One bit of advice I'd add is maybe add a one or two line summary of what Webpack Module Federation does to the official docs, before you start with the Motivation. Something like:

Webpack Module Federation allows your application to compile JavaScript code from other Webpack modules running on a separate host. That allows your application to use another as a microfrontend.

As for using Webpack Module Federation, my organisation won't be using it now, but we may revisit our decision in three or six months' time.
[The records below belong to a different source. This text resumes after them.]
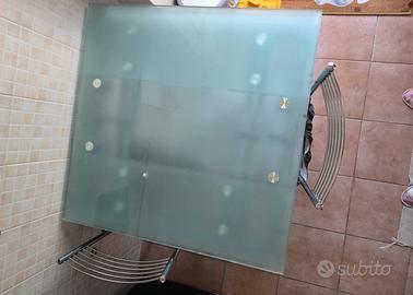 Vendo tavolo da cucina di alta qualità, in vetro satinato temperato spesso e pesante, con struttura in metallo cromato.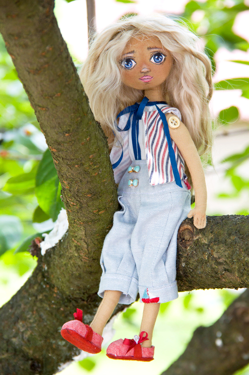 Может кто-то подумал что она скромняжка....ничего подобного, ребенок может иногда похулиганить и залезть на дерево, ведь оттуда виден целый мир. На девочке уже штанишки и жилеточка, на штанишках вышит малюююсенький кораблик, а еще есть шикарные пуговки.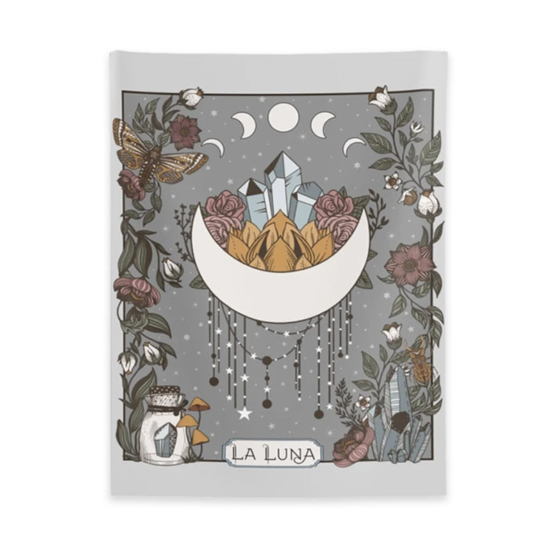 La Luna Tapestry Wall Hanging Moon Phase Tarot Card psychedelic scene home decoration Witchy Nature Hanging Wall Art sheets
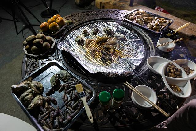 星空下的夜晚,还可以在帐篷旁来一顿海鲜烧烤。你可以自己带食材,也可以提前叫景区工作人员准备好食材。青蟹、牡蛎、蛏子、鲜虾等三门小海鲜,搭配花生米、水果、自酿果酒。大家围着炭火烤炉,一边品尝自己亲手烤出来的食物,一边谈笑风生,感受生活的无限美好。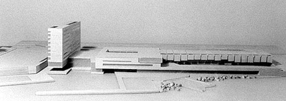 THE PLACE "A port is a place inasmuch as it is a space that is built out of experience, memory, learning and emotions. Its nature as a portal, as the limit between the city and the sea, make the port a place of maximum symbolic tension". The subject suggested was a hotel and palace of congresses on the site occupied by the Campsa tanks in the port of Alicante. The project was approached as an attempt to reuse a space for cultural and leisure activities that would be useful and revitalising for the city, would live alongside the existing yacht club and fishing ports and would preserve the great richness of meanings that the port, as a place, has built up in the collective memory of the city's inhabitants. An urban square with reminiscences of the port seeks to bring the sea and the city closer to each other and becomes the end of the axis of Avenida Oscar Esplá. This maritime square sets up a dialogue between the three buitdings placed around it: the old Murcia Station, the Palace of Congresses and the Hotel to service it. We saw the sea as a key element that the city wants to make its own. In the case of Alicante, the sea is steadily being moved further away whereas in the 19th century it practically bathed the old Murcia station, hence our intention of bringing it back. The overall arrangement attempts to provide an answer to the borderline site, emphasising the seawards façade so that it can be seen from a distance. A tranquil impression is sought, hence the only landmark is the tower of hotel rooms while the rest of the hotel and the palace are worked out horizontally. The whole is placed on the unifying plinth of the coastal shelf. The difference in scale between the congress building and the hotel tower is tempered by placing the services building between them. Rather than using the Elche road, a service road for wheeled access is created parallel to the avenue leading to the city. It leads off towards the two buildings, passing underground and reemerging after serving both. The paving is natural stone. Its straight double line seeks to reinforce the opposing directions of the two parts and enhance a space that can be used for different purposes. The hotel and the palace are placed in this area without a perimeter like the ends of two major axes of the city of Alicante. The Palace, a more compact body, constitutes the end of Avenida Oscar Esplá, within the consolidated layout of the port, while the Hotel, in the neighbourhood of the beach, with a freer structure of bodies that are joined up in a more organic way, ís the finishing point of the Parque de Canalejas. As an antechamber to the city, a garden is also proposed. This would descend from the Benalúa quarter, higher up, and link the city and the sea both physically and visually. The station, which could be reused as an administrative building, acquires its own prominence as the link between the two spaces. |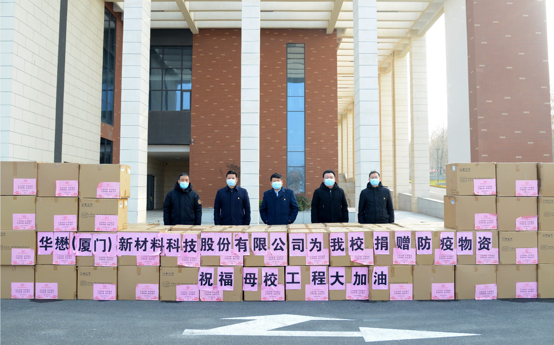 疫情肆虐,人间有爱。员工们的爱心和善举不仅增添了母校师生战胜疫情的信心,更是将无数的温暖和爱心播种在了全校师生的心田,并用实际行动诠释了“一方有难、八方支援”的家国情怀。在疫情期间,员工企业更是勇于担当、奉献爱心、守望相助、情暖校园,谱写了新时代企业的社会责任与大爱,彰显了仁爱之心和守望相助的高尚情怀,增强了我们打赢这场疫情防控阻击战的信心!在此,向张初全员工和华懋(厦门)新材料科技股份有限公司表示诚挚的感谢和崇高的敬意。(撰稿:孟祥福 审稿:仝燕 王晓先)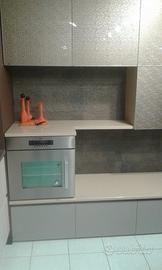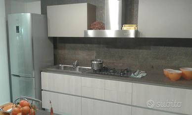 Elettrodomestici : forno e paino cottura Electrolux, cappa Faber 90 cm INOX, lavello 2 vasche INOX, frigo Samsung a vista INOX da 60cm (H 200 cm).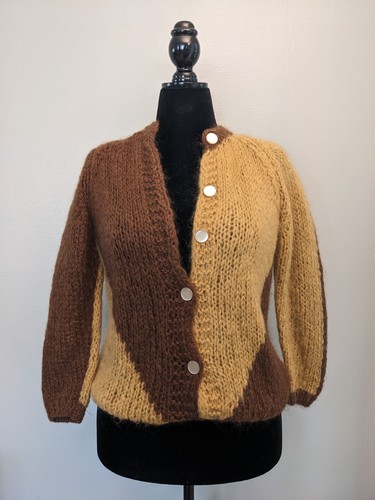 The Tam Italia Vintage Mohair Wool Sweater is a stylish and cozy addition to any woman's wardrobe. This yellow & brown sweater features a round neck, long sleeves, and button accents, giving it a classic and timeless look. Made from a luxurious blend of mohair, wool, and nylon this sweater must be dry cleaned. With a vintage appeal and the reputable brand of Tam Italia, this sweater is a versatile and chic choice for any occasion. 18" Armpit-to-Armpit when laid flat

We've just had a research spike on microfrontends, because we are looking at running out a suite of applications with a common container application; technology used is React+Redux+TypeScript+React Router+Material UI, for your interest. We looked at quite a few things, even iframes.

As it stands, we can get webpack for one React application to get the JavaScript files at another host; it's stable most of the time, but every now and then Redux complains about createStore being called multiple times. Our approach is based on this Cam Jackson article with some advice from this Jennifer Fu piece about React apps that start their lifetime from Create React App. (Rather than use react-app-rewired, we are using craco, as it seems to be better maintained.) We might go well with the approach, but I will still have Webpack Module Federation in the back of my mind.

I should add that there's one more reason why we (and others) may be making or revising microfrontends decisions in the near future. We use apps bootstrapped from Create React App, which uses Webpack 4; and many other groups. However, Module Federation comes with Webpack 5. CRA will be going Webpack 5 real soon now... except that there are still some milestones to pass before the thing rolls into production. By the end of the year? Almost definitely.

Anyway, I am delighted that you are opening a PR, and yes, I'd love to help.